> [SUPPLIED INFORMATION]
_ _ _ _

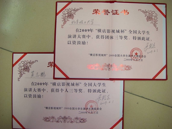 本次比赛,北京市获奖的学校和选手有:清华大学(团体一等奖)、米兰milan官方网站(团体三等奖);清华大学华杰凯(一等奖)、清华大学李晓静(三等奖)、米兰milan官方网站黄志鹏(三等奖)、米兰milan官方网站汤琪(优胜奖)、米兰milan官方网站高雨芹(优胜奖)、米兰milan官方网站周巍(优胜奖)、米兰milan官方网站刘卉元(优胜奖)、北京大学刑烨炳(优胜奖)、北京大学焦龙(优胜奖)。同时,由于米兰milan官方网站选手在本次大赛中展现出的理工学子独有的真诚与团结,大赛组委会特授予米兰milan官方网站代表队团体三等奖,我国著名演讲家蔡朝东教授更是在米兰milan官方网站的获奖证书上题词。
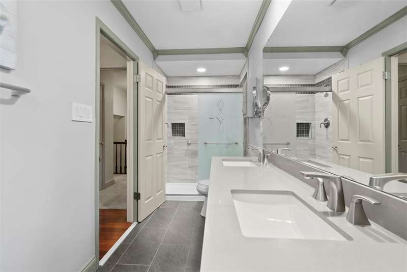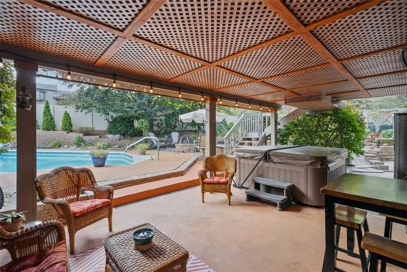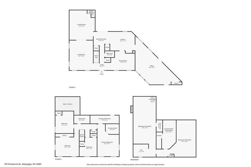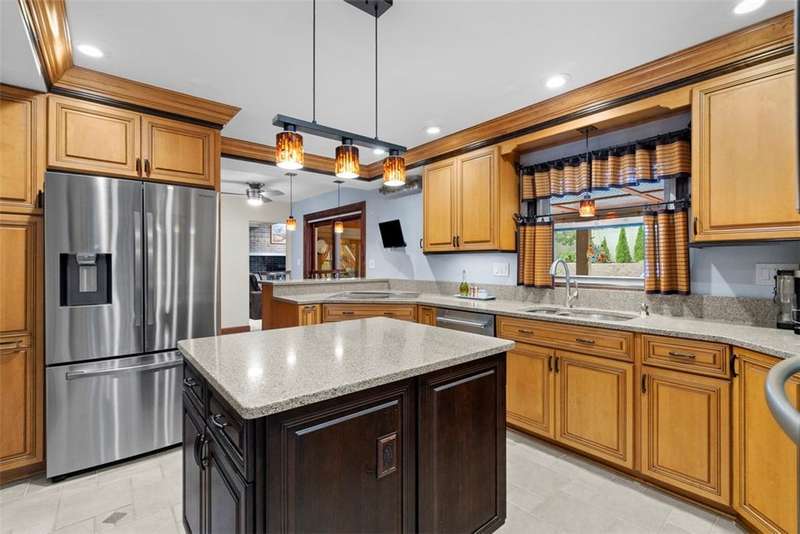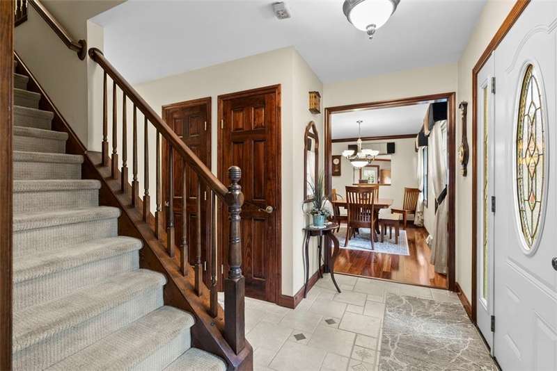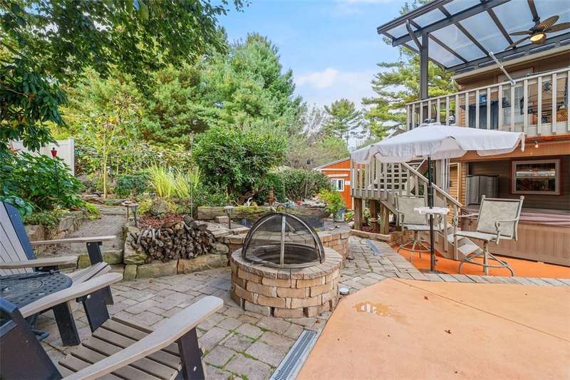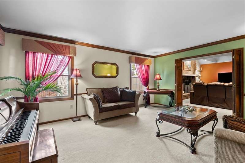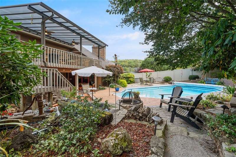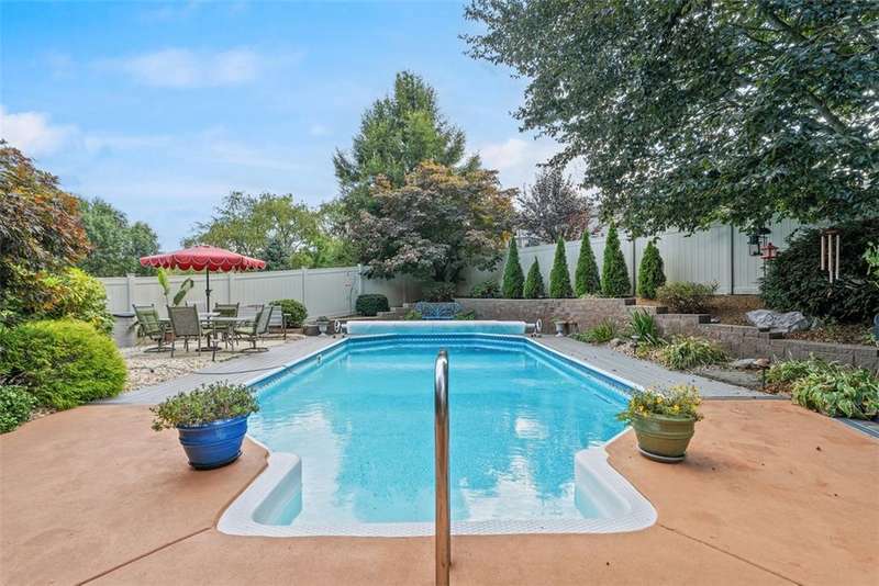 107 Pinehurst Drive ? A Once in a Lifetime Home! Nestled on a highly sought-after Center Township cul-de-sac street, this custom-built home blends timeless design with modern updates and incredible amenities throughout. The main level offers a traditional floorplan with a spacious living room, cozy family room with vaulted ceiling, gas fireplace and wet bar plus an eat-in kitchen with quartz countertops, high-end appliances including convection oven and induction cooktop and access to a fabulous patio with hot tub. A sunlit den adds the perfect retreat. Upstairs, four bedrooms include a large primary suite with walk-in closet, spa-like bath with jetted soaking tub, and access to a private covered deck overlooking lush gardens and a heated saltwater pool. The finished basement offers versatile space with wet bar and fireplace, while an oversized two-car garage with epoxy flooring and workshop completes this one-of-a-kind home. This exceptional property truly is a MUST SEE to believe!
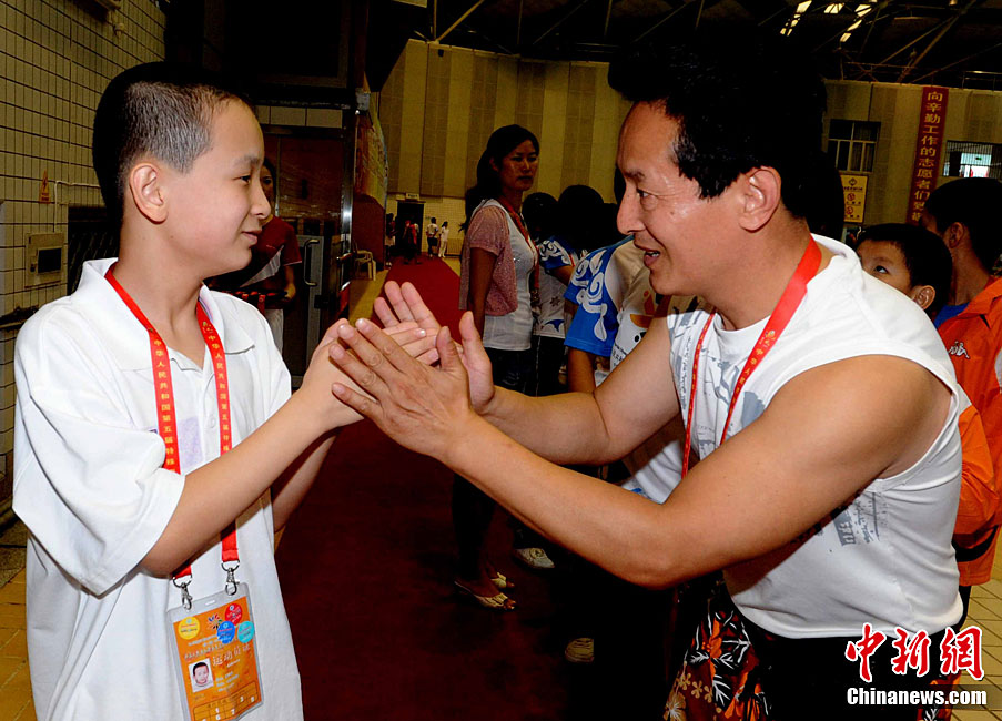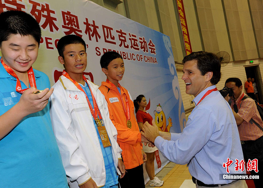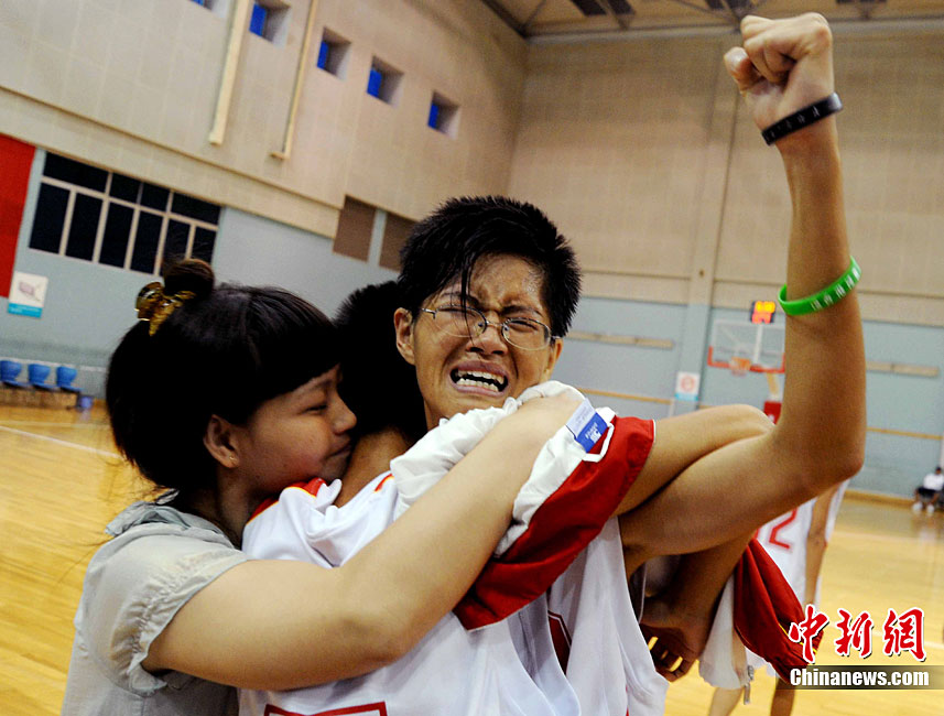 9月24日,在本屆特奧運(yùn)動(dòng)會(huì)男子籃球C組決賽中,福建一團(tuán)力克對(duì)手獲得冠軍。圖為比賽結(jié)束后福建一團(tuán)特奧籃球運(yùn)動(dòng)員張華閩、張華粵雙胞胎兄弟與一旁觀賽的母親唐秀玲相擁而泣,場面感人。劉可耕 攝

_ _ _ _

> [ABOUT THIS EXERCISE] Transcribe the listing in full. Omit the pictures and keep every line exact.

> [COMPLETED EXERCISE]
 本次比赛,北京市获奖的学校和选手有:清华大学(团体一等奖)、米兰milan官方网站(团体三等奖);清华大学华杰凯(一等奖)、清华大学李晓静(三等奖)、米兰milan官方网站黄志鹏(三等奖)、米兰milan官方网站汤琪(优胜奖)、米兰milan官方网站高雨芹(优胜奖)、米兰milan官方网站周巍(优胜奖)、米兰milan官方网站刘卉元(优胜奖)、北京大学刑烨炳(优胜奖)、北京大学焦龙(优胜奖)。同时,由于米兰milan官方网站选手在本次大赛中展现出的理工学子独有的真诚与团结,大赛组委会特授予米兰milan官方网站代表队团体三等奖,我国著名演讲家蔡朝东教授更是在米兰milan官方网站的获奖证书上题词。
 107 Pinehurst Drive ? A Once in a Lifetime Home! Nestled on a highly sought-after Center Township cul-de-sac street, this custom-built home blends timeless design with modern updates and incredible amenities throughout. The main level offers a traditional floorplan with a spacious living room, cozy family room with vaulted ceiling, gas fireplace and wet bar plus an eat-in kitchen with quartz countertops, high-end appliances including convection oven and induction cooktop and access to a fabulous patio with hot tub. A sunlit den adds the perfect retreat. Upstairs, four bedrooms include a large primary suite with walk-in closet, spa-like bath with jetted soaking tub, and access to a private covered deck overlooking lush gardens and a heated saltwater pool. The finished basement offers versatile space with wet bar and fireplace, while an oversized two-car garage with epoxy flooring and workshop completes this one-of-a-kind home. This exceptional property truly is a MUST SEE to believe!
 9月24日,在本屆特奧運(yùn)動(dòng)會(huì)男子籃球C組決賽中,福建一團(tuán)力克對(duì)手獲得冠軍。圖為比賽結(jié)束后福建一團(tuán)特奧籃球運(yùn)動(dòng)員張華閩、張華粵雙胞胎兄弟與一旁觀賽的母親唐秀玲相擁而泣,場面感人。劉可耕 攝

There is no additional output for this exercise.